SGR Droit social, Lexbase
Charlotte d'Artigue

Une étude de législations comparées, disponible sur le site Internet du Sénat, permet d'avoir une vision d'ensemble des dispositifs européens d'indemnisation du chômage et de placement des chômeurs. Sont étudiés, dans ce document, les systèmes adoptés en Allemagne, en Belgique, au Danemark, en Espagne, en Grande-Bretagne, en Italie et aux Pays-bas, afin d'assurer au mieux le placement et l'indemnisation des chômeurs. Cet examen de dispositions étrangères permet de cerner la double tendance de la réforme de l'assurance chômage en France : d'une part, renforcer les liens entre l'indemnisation du chômage et le placement des demandeurs d'emplois et, d'autre part, ouvrir le marché du placement à des opérateurs privés.

Plusieurs informations ressortent de cette étude comparée.
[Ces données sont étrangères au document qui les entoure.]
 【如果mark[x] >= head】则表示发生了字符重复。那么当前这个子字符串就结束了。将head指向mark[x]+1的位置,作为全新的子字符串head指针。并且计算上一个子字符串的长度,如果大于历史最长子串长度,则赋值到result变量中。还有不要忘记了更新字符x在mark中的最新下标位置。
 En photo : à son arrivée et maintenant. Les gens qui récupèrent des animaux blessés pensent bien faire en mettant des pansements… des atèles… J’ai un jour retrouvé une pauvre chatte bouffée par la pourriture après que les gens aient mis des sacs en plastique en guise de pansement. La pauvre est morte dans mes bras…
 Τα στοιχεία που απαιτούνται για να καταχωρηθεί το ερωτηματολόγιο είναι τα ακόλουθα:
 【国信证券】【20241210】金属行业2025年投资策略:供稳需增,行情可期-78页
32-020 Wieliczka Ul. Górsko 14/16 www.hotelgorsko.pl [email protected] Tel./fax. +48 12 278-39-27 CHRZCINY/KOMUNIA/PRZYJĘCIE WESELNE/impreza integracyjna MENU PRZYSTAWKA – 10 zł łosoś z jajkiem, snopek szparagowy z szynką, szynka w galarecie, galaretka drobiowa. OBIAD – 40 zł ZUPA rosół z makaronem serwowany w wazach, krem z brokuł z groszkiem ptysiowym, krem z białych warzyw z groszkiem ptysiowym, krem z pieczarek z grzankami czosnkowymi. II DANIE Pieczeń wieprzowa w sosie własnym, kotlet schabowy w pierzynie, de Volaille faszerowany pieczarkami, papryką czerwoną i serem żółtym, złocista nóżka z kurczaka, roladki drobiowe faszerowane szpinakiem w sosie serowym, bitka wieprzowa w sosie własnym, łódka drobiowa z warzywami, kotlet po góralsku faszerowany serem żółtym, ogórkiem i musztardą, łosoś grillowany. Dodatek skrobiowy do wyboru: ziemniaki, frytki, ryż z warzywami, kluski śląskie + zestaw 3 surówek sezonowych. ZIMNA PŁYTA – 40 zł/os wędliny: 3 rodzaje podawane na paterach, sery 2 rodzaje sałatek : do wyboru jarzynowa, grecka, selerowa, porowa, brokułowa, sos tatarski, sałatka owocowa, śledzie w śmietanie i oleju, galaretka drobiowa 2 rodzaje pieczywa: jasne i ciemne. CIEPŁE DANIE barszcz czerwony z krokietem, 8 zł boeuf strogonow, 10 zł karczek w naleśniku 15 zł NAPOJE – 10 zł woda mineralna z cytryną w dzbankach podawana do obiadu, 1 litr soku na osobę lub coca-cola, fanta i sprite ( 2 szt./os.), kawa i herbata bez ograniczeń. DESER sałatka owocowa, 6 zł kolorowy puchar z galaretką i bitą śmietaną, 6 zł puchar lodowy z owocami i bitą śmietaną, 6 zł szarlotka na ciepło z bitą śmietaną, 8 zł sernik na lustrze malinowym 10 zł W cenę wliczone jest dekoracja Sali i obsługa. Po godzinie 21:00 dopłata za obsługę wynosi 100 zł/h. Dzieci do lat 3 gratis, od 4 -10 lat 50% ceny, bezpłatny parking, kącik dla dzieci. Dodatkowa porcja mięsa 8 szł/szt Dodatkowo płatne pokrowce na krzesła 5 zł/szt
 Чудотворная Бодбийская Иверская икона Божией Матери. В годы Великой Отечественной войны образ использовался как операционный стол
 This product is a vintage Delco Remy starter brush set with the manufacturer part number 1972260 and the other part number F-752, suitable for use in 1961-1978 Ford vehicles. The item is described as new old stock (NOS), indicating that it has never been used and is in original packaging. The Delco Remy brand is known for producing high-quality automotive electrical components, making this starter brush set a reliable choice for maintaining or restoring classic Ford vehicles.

D'abord, une volonté générale de réformer l'organisation de l'indemnisation et du placement des chômeurs. Le principal constat, dans tous les pays étudiés, est la volonté d'associer indemnisation et recherche effective d'un emploi. La loi française impose, on le sait, au demandeur d'emploi de se livrer à une recherche effective et permanente d'emploi, laquelle passe par l'accomplissement d'actes positifs de recherche d'emploi. Cette caractéristique n'est pas propre à la France, loin de là. Les différents systèmes rejettent en bloc toute forme d'assistanat et privilégient la recherche active d'un emploi. Les demandeurs d'emploi sont alors tenus de se plier à un certain nombre d'obligations et d'accepter tout emploi qui sera qualifié d'"acceptable". La notion d'"emploi acceptable" est définie par les lois applicables à chaque pays. La tendance est à la sévérité pour le chômeur. En outre, plus le chômage se prolonge, plus la notion d'emploi acceptable s'élargit (au regard par exemple de critères tels que la rémunération, la qualification ou encore la localisation). En parallèle à cette recherche active, on soulèvera la tentative d'associer qualité et rapidité du placement.
Deuxième constat : une volonté de renforcement des liens entre indemnisation et placement, se manifestant sur le plan institutionnel par la mise à disposition de guichets uniques. Ce système présente l'avantage de la simplicité : un seul et même guichet pour la perception d'allocation et la recherche d'un emploi.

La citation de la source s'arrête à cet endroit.